What happened to being able to discuss a topic. To give YOUR opinion and how you interpreted the book. Then be able to back up your point with quotes and ideas you can pull from the book because, wait for it…YOU READ THE FUCKING BOOK?!
Crazy, I’m asking way too much of society. I know. Shame on me.
I understand that people wouldn’t want to read the book due to it’s content and that doesn’t bother me at all. It’s quite easy to know from all the hype that if you do not like to read about sex, this book is completely wrong for you to pick up. No disputing that everyone has the right to read what they choose.
I can’t get into every topic that was covered with the book because this post would end up too long and you’d stopped reading.
But the topic that pissed me off the most was it being linked to domestic violence. I got no hint of domestic violence from this book. The article that was shared gave one spot early on in the book and was taken out of context when they put the quotes up. So if you just read the quotes, sure you can make it look like it’s domestic violence.
In fact, this 50 abusive moments has me wondering if they read anything except the points that they added. No context of what happened. Like number #41 where she’s not eating at the restaurant. Hmm, no mention about the fact that she has a bad habit of going days without eating and he’s not ok with her not taking her health serious. You can take any book about any topic and make it look bad or good depending on what bits you want to highlight. Just like watching reality tv shows. They edit the shows to make sure the characters are portrayed to be as dramatic as possible.
No, I would not be ok with a book that was glorifying domestic violence. It’s why I freaked out when I read the last book in the Twilight trilogy. THAT honeymoon completely glorified domestic abuse.
This book is porn. There’s no argument there. It’s not good porn, but that’s not the point. I’m surprised that it matters to so many that they stand on their soapbox and proclaim loudly that they don’t read or watch stuff like that. Ok, good for you. Doesn’t bother me.
But spouting that it’s for godly reasons? oh boy. Let’s talk about that just a tiny bit.
I’m not a religious person. I have my beliefs and I have my relationship with my higher power(s). I respect the fact that religion is very important to a lot of people and it doesn’t bother me that it’s important and really does help them.
I can respect that you find porn disrespectful to your marriage. But, I can’t respect it when you say it’s because it causes feelings you shouldn’t have and sets up unrealistic expectations of sex and relationships.
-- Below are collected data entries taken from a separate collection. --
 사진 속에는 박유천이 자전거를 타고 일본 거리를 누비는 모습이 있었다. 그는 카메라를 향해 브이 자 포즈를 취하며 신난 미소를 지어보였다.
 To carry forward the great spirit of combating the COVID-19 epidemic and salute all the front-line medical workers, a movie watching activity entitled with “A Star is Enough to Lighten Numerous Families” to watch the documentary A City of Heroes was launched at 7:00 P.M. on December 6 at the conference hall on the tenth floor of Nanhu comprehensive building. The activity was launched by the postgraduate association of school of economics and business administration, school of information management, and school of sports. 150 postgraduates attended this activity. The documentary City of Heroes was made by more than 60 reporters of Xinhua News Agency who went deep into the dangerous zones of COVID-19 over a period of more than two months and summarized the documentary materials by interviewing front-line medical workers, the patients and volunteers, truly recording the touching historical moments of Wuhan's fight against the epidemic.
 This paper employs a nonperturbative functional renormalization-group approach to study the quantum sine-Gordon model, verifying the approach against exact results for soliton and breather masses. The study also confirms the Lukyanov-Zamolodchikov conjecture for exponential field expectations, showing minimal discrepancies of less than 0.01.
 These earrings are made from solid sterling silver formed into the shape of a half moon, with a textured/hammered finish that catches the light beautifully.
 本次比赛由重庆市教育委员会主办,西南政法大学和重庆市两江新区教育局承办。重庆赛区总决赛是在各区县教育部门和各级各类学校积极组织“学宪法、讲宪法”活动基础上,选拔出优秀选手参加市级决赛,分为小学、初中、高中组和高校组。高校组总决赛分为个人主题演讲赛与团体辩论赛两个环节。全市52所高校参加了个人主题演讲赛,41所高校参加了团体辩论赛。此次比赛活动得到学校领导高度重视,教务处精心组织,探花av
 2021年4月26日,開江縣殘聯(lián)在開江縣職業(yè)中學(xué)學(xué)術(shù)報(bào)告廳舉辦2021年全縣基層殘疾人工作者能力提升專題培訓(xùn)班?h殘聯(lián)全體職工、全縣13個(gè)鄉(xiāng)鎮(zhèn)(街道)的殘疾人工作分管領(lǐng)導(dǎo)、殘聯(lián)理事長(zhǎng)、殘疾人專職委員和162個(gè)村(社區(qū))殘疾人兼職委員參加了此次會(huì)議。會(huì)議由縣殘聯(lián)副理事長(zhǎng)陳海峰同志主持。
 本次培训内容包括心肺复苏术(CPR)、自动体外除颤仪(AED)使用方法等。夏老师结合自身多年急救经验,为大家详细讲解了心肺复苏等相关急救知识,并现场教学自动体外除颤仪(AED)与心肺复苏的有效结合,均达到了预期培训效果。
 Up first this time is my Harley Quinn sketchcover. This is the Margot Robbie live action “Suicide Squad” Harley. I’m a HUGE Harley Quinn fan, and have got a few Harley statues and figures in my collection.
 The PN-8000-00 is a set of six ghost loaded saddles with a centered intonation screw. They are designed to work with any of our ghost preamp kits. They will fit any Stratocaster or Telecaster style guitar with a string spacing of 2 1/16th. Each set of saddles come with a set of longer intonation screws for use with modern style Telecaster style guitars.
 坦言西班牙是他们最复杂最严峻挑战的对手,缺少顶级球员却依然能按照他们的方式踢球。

I feel chickflicks are way more damaging to women as it sets unrealistic expectations for relationships. What feelings are these chickflick movies arousing? Doesn’t a chickflick get your emotions and juices flowing so you want to be with your husband? Why is ok for a chickflick to incite those feelings, but if its porn it’s wrong? I’ve seen plenty of women talk about who they like to see as eye candy on the screen for their chickflicks, but that’s ok? Double standards piss me off.
It seems like many communities used this book as a soapbox. Even the BDSM community seems to have been up at arms about it. This book wasn’t about BDSM. As my friend said, it wasn’t a manual for how to have a BDSM relationship. I don’t know a single person that thought this is how the BDSM community operates because they read this book.
To me the point of the books was she also wasn’t his type. He always had more feelings for her than just sexual. She rocked him emotionally and he broke all his own rules. That to me was the point. He didn’t know how to deal with emotion. He wanted everything nicely organized so he could control it. He couldn’t control her and that made him more drawn to her.
But the fact that I’m arguing the point of such a poorly written book is absurd. I mean truly laughable. It proves to me that I’m letting things get to me that shouldn’t be. That I’ve got to get off social media and back to here and other biz.